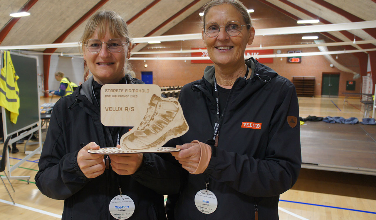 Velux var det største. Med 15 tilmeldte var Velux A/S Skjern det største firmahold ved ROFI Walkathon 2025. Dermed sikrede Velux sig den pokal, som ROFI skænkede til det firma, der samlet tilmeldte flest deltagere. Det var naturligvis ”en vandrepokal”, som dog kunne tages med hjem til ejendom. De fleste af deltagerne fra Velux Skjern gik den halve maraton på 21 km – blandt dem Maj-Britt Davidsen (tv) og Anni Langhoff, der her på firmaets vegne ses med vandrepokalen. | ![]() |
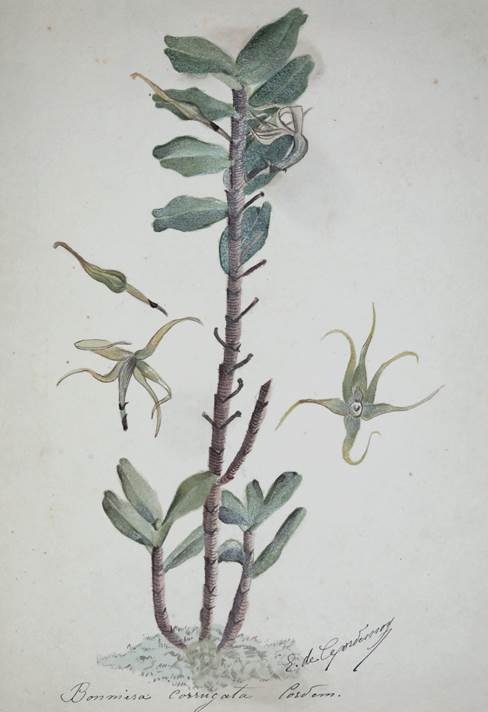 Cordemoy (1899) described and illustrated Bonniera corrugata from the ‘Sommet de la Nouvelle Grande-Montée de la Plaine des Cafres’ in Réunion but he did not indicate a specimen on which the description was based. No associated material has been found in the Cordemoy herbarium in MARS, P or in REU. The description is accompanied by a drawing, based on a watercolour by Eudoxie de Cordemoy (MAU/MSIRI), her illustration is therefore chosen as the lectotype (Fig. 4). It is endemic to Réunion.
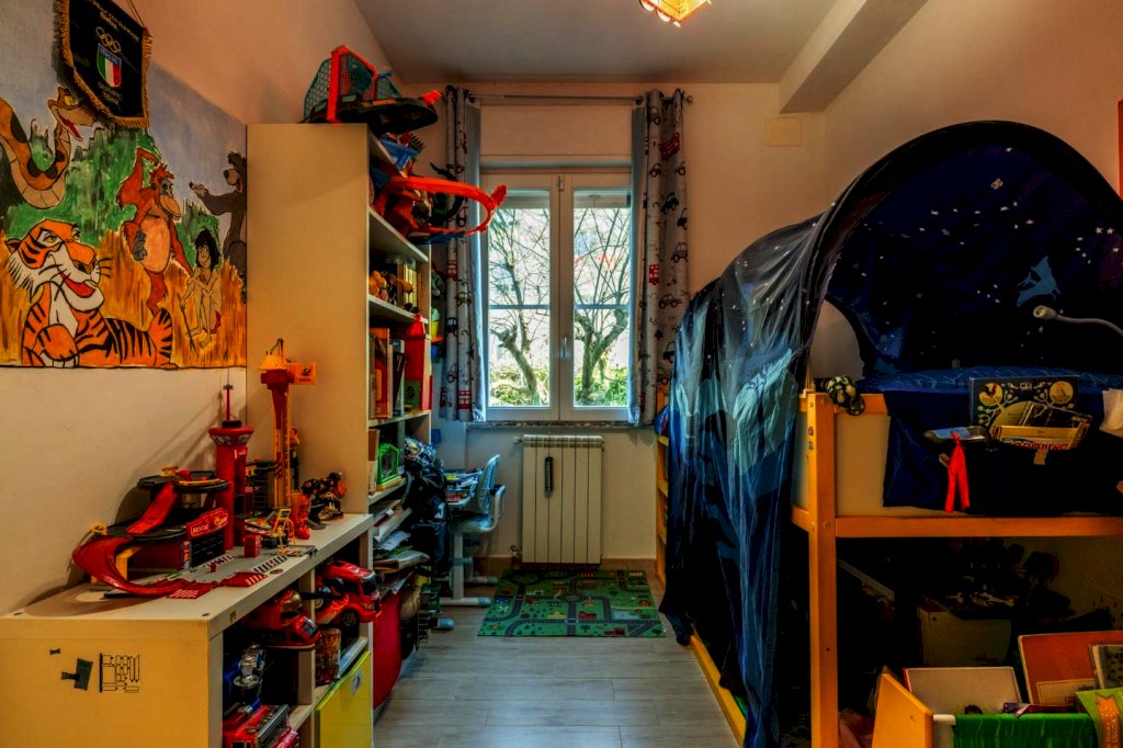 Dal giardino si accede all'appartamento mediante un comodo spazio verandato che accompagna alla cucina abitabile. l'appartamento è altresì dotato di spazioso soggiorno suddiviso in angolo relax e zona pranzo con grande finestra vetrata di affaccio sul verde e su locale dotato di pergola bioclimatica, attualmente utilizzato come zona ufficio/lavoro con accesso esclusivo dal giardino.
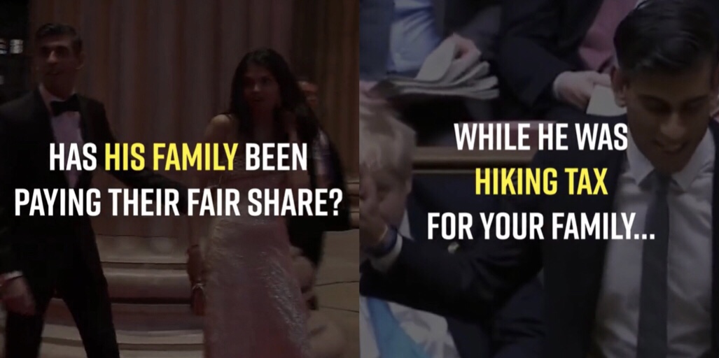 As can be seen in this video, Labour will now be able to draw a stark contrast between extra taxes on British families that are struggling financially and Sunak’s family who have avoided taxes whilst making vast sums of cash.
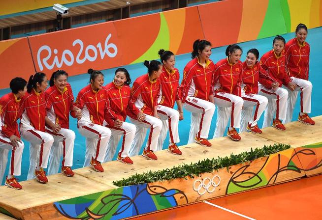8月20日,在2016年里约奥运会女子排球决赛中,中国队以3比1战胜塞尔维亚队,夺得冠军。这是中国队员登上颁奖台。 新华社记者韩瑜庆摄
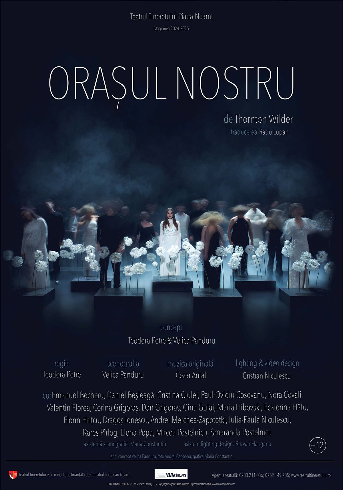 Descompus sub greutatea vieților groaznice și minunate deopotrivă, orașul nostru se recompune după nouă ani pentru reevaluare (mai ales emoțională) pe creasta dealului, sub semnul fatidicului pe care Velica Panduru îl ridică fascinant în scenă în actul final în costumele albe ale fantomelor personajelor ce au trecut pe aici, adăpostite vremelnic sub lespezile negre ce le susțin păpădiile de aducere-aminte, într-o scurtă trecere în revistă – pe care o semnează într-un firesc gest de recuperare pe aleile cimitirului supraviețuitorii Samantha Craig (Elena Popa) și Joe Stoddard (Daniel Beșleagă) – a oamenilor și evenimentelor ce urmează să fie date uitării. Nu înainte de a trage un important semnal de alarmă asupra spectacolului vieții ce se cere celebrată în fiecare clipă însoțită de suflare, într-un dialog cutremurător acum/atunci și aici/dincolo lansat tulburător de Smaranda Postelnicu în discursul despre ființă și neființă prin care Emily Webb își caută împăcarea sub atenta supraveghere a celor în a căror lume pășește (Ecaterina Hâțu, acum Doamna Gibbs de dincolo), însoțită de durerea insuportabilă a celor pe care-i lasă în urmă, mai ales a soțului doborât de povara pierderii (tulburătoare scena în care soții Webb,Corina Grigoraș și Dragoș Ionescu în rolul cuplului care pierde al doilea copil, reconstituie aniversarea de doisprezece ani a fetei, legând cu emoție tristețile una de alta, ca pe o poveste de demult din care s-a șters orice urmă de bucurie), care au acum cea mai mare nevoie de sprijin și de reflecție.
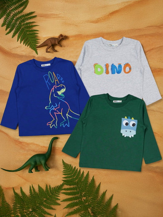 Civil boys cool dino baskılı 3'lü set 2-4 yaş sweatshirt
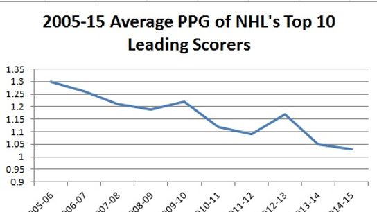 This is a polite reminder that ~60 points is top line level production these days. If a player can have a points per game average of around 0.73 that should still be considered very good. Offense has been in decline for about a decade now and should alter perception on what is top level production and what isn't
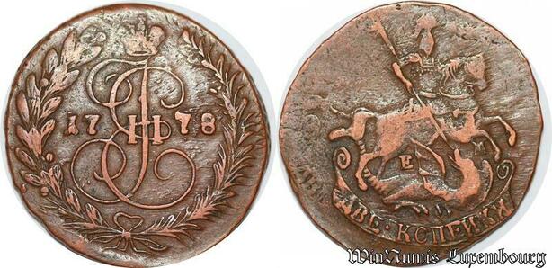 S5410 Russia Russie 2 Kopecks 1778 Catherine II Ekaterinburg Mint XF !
==========
• WHAT THE TASK REQUIRES: All that should appear in the answer is the lines above from the line with "As can be seen" through the line with "8月20日,在2016年里约", retyped exactly, pictures left out.

• YOUR RESPONSE:
 As can be seen in this video, Labour will now be able to draw a stark contrast between extra taxes on British families that are struggling financially and Sunak’s family who have avoided taxes whilst making vast sums of cash.
8月20日,在2016年里约奥运会女子排球决赛中,中国队以3比1战胜塞尔维亚队,夺得冠军。这是中国队员登上颁奖台。 新华社记者韩瑜庆摄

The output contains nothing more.